La différenciation des politiques selon le type de chômage permet d’éviter une approche unique et d’adapter les mesures pour maximiser leur efficacité, notamment en évitant de dépenser inutilement dans des politiques inadaptées.
La politique structurelle est souvent plus complexe et longue à mettre en œuvre que les politiques conjoncturelles, mais elle est essentielle pour une amélioration durable du marché du travail.
Les politiques structurelles sur le marché du travail, notamment les réformes institutionnelles, sont essentielles pour réduire durablement le chômage structurel élevé, en adaptant les règles et institutions aux besoins du marché, tout en différenciant leur application selon le type de chômage.
Chômage structurel : Chômage résultant d’un décalage entre l’offre et la demande de travail dû à des rigidités, des inadéquations de compétences ou des déséquilibres institutionnels sur le marché du travail. Selon AUBRY (2010), il est lié à des transformations économiques profondes, nécessitant des réformes structurelles pour améliorer l’adéquation entre offre et demande.
Chômage conjoncturel : Chômage lié aux fluctuations économiques à court terme, principalement causé par une insuffisance de la demande globale. KEYNES (1936) le définit comme une insuffisance de la demande effective, qui entraîne une baisse de la production et de l’emploi.
Choix de politique économique selon le type de chômage : La stratégie de politique économique doit être adaptée :
Impact du chômage structurel vs conjoncturel sur les marges de manœuvre : Le chômage conjoncturel offre une marge de manœuvre plus importante pour des politiques de relance à court terme, tandis que le chômage structurel limite la capacité d’action à court terme et nécessite des réformes profondes.
Distinction dans l’analyse économique : La différenciation permet d’évaluer la nature du déséquilibre sur le marché du travail, d’adapter les politiques et de prévoir leur efficacité. Le chômage conjoncturel est cyclique, fluctuant avec la conjoncture, alors que le chômage structurel est endémique et lié aux caractéristiques du marché du travail.
La distinction entre chômage structurel et conjoncturel est cruciale pour le choix des politiques économiques. La politique conjoncturelle (budgétaire, monétaire) est efficace pour lutter contre le chômage conjoncturel, qui résulte principalement d’un déficit de demande globale.

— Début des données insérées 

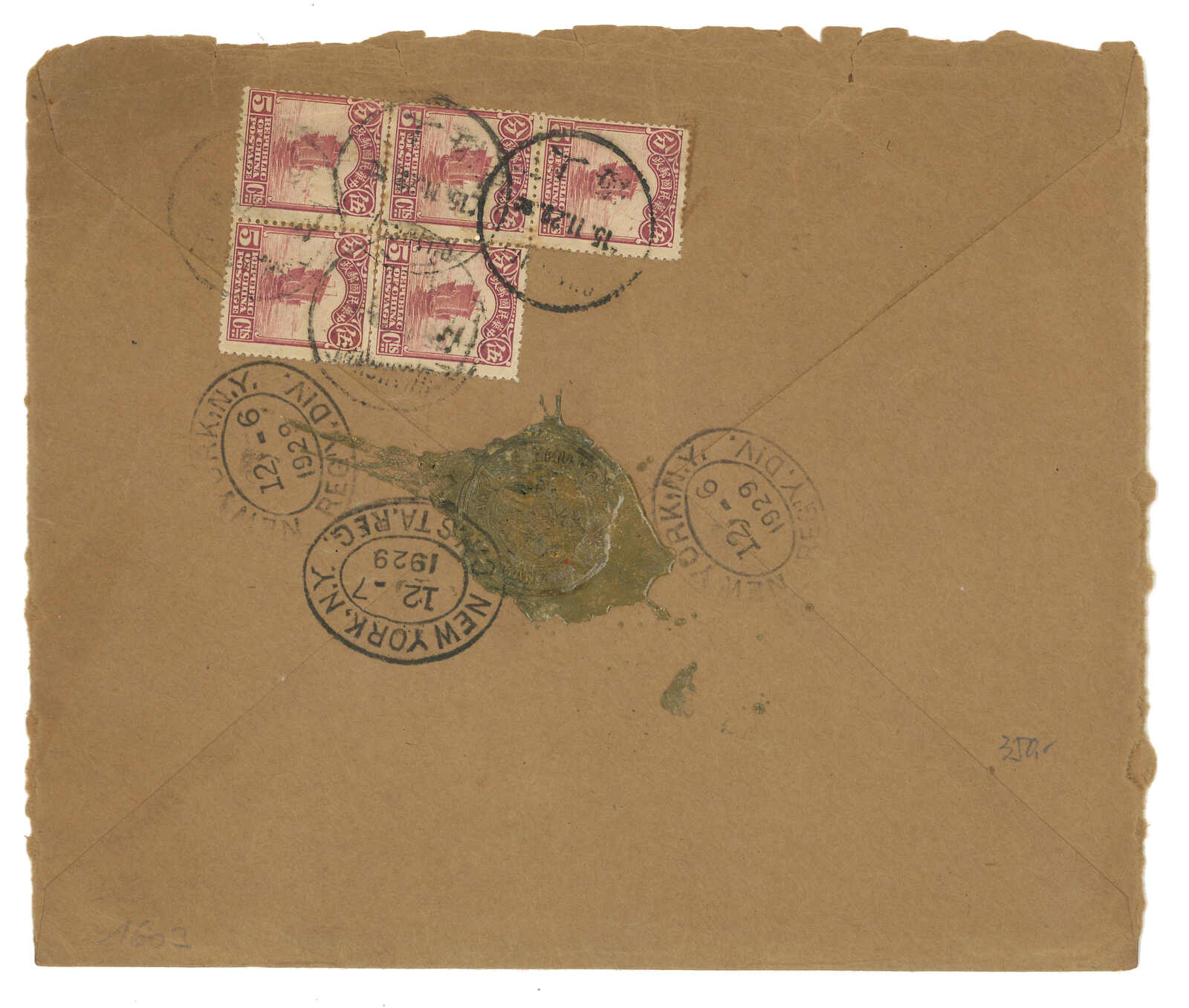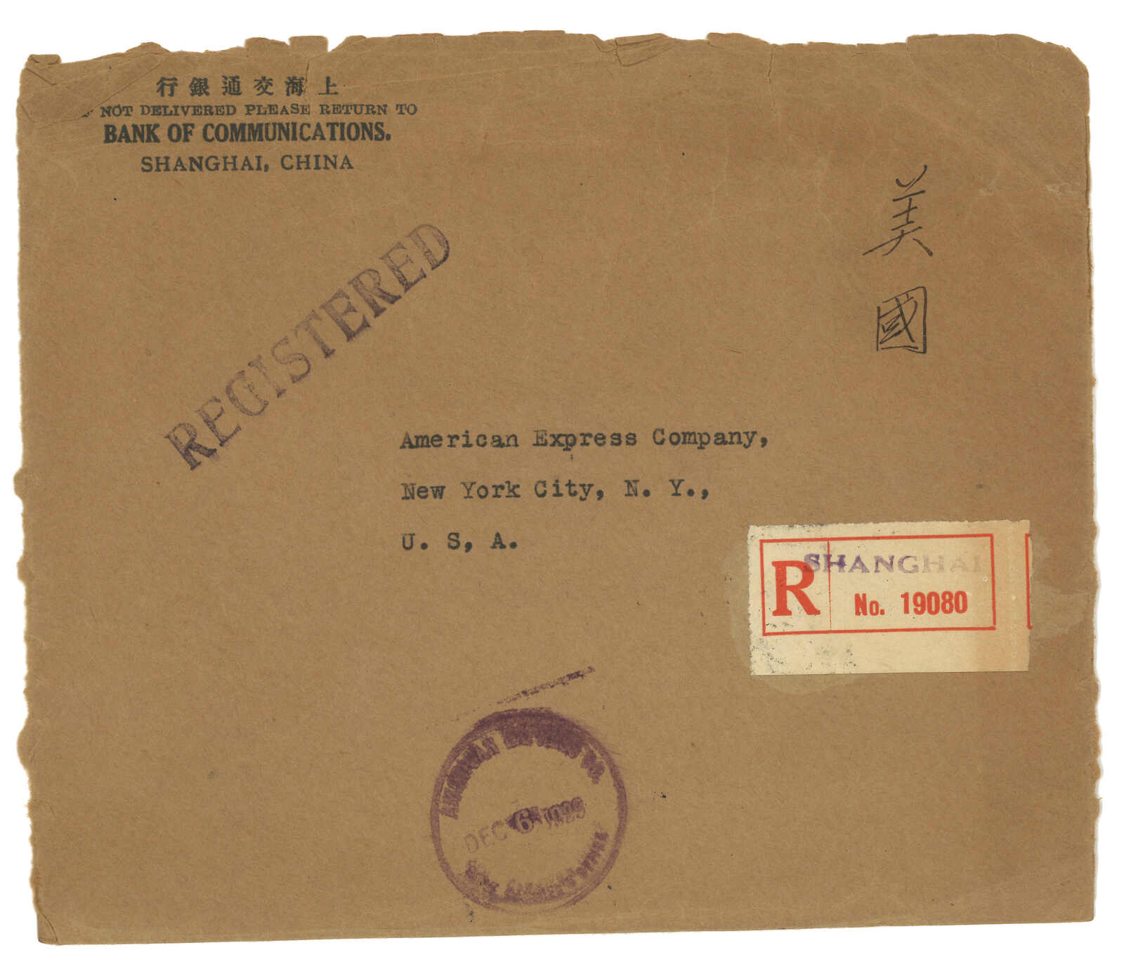1929 Shanghai (13 Nov) to USA. Bank of Communications registered cover, f.w. Junk 5c in block of 5 on reverse, tied by Shanghai bilingual cds. Arrived USA (6 Dec)

En revanche, le chômage structurel nécessite des réformes de long terme, telles que la flexibilisation du marché du travail ou la formation professionnelle, pour réduire les inadéquations entre offre et demande de travail.
La mesure officielle du chômage, selon BIT, définit le chômage comme la situation d’une personne en âge de travailler, sans emploi, en recherche active, disponible pour travailler, et ayant entrepris des démarches de recherche d’emploi dans les trois derniers mois.
La distinction permet aussi d’évaluer la marge de manœuvre des politiques économiques : le chômage conjoncturel offre une plus grande flexibilité pour des politiques de relance, alors que le chômage structurel limite ces possibilités, imposant des réformes structurelles.
La compréhension de cette distinction est essentielle pour analyser les déséquilibres et prévoir l’efficacité des interventions économiques dans différents contextes.
Le chômage conjoncturel peut être atténué par des politiques macroéconomiques à court terme, tandis que le chômage structurel requiert des réformes de long terme, rendant leur gestion stratégique essentielle pour une politique économique efficace.
Chômage selon le BIT : Mesure officielle du chômage, définie par l'Organisation Internationale du Travail (BIT), qui considère comme chômeur toute personne en âge de travailler, sans emploi, disponible pour travailler, et ayant entrepris des démarches effectives de recherche d’emploi dans une période de référence (souvent une semaine). La mesure exclut ceux qui ne recherchent pas activement un emploi.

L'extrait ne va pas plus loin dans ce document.